Now that we have all thus stuff in hand, let's look at the actual regimen defined in the DNG file for setting up to transform the camera outputs (and that can mean "d','e', f' " if "camera output white balancing" has been done to the raw data before this process can "get hold of it").

1. We take the "matrix as given" (which is "XYZ->def") and multiply it by the matrix that defines the camera output white balancing. That gives us a matrix we can think of as "XYZ->d'e'f' ").

2. We take the inverse of that matrix, giving us a matrix we can think of as "d'e'f'->XYZ (and XYZ here means, "the coordinates of the color in a CIE XYZ color space whose white point is the chromaticity of the illuminant in use").

3. We multiply that matrix by the "chromatic adaptation matrix" which corrects and adjust between an "illuminant in use" frame of reference to a "D50" frame of reference. We can think of the resulting matrix as "d'e'f'->XYZ_D50".

Now, in actual, operation, we take the d'e'f' values for each pixel and multiply them by this "d'e'f'->XYZ_D50" matrix, to get the XYZ coordinate we will considered to represent the actual color of light at that pixel in a "D50" frame of reference.

************

Was that fun or what?

Best regards,

Doug

#### Doug Kerr

##### Well-known member
It may not at first seem intuitively correct that if we start with an "XYZ->def" matrix, then to get the "XYZ->d'e'f' " matrix we would multiply the "XYZ->def" matrix by the "def->d'e'f' " matrix. It almost seems that we need to in fact "divide out" the "def->d'e'f' ", not multiply by it.
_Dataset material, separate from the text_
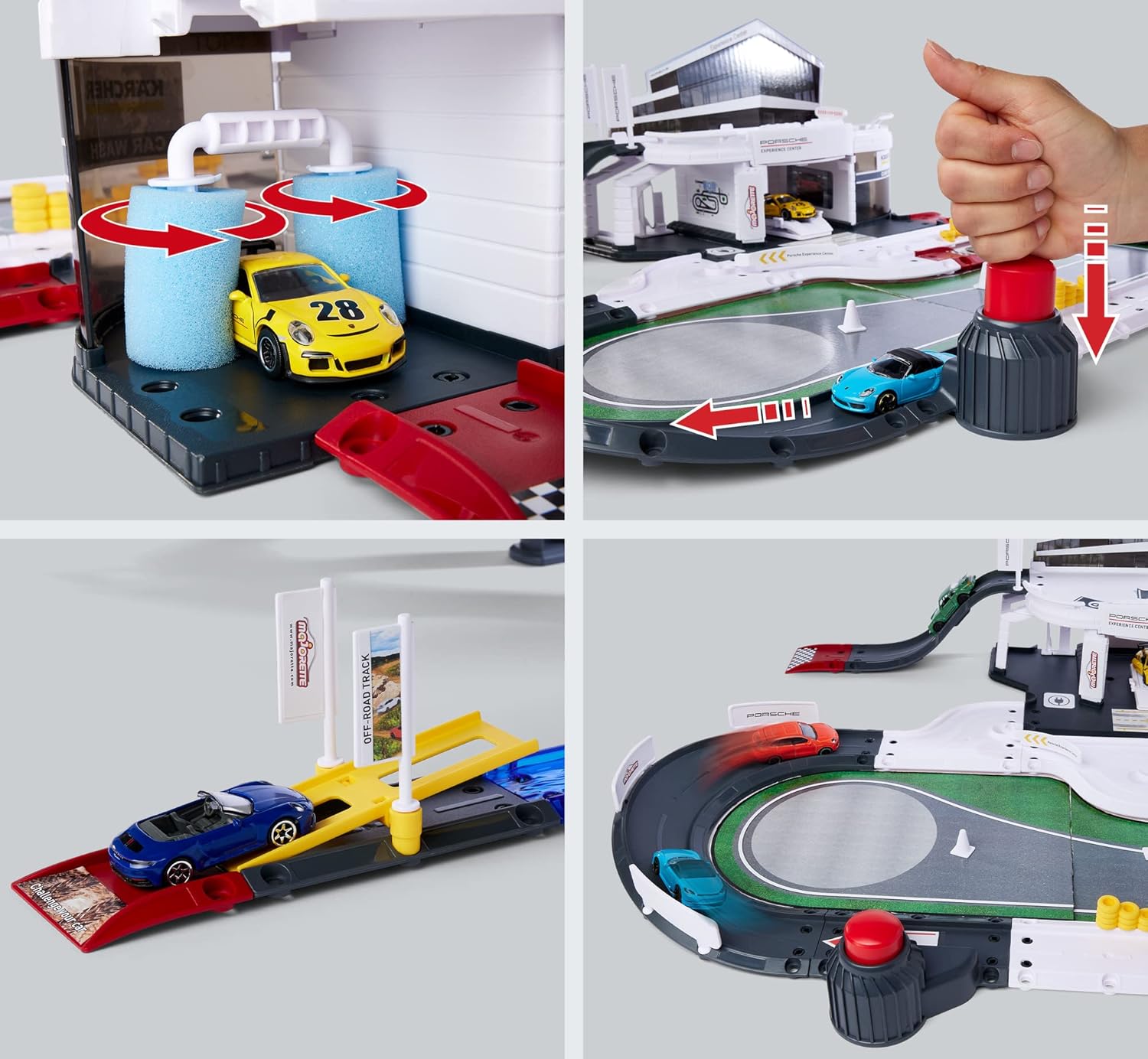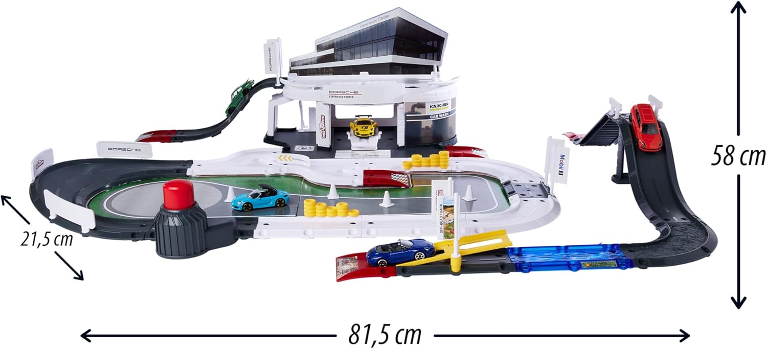 Centro test e circuito Porsche con più di 60 pezzi, consigliato per bambini a partire dai 5 anni Dispone di una stazione di ricarica per veicoli ibridi, una piattaforma di sollevamento per riparazioni rapide e un sistema di autolavaggio Kärcher Circuit con lanciatore, una curva di scarico e un circuito di guida, così puoi mettere alla prova tutte le tue abilità Auto realizzate in metallo robusto e di alta qualità, con un elaborato processo di stampa che garantisce colori intensi e lucentezza nella finitura della vernice esterna Serie Porsche Edition: diversi modelli e accessori di auto Porsche di alta qualità e realismo

Of course there is no such thing, so perhaps we would do that by multiplying the "XYZ->def" by the inverse of the "def->d'e'f' " matrix.

But in fact, we need to do just what was originally stated.

The key is this. In this illustration, I will use some hypothetical matrixes that convert between various matrix variables I will call "A", "B", and "C".

Suppose we have the matrix that can be used to multiply A to get B. I will call that matrix "A->B".

And suppose we have the matrix that can be used to multiply B to get C. I will call that matrix "B->C".

Then suppose we want to know how to compute the matrix that can be used to multiply A to get C. I will call that matrix "A->C".

The matrix algebra for calculating that is this:
A->C = B->C * A->B​

I use the asterisk for clarity to mean matrix multiplication; in regular matrix algebra (not "programming language") no symbol is used to mean multiplication (not even a dot), just as when in ordinary algebra we write "JK" to mean "J multiplied by K".

The way to remember this is that as we "progress along the chain" from one variable through an intermediate one to the final one, we add factors to the left. "B->C"comes farther along the overall chain from A to C than "A->B", so it goes to the left.

Recall that matrix multiplication is not commutative, so we cannot just interchange those two factors; the sequence is critical​

So to get the matrix that is used to convert XYZ to d'e'f', we do:

XYZ->d'e'f'= def->d'e'f * XYZ->def​

(Yes, we really want to know d'e'f'->XYZ, but we will get that next by inverting the previous result.)

Best regards,

Doug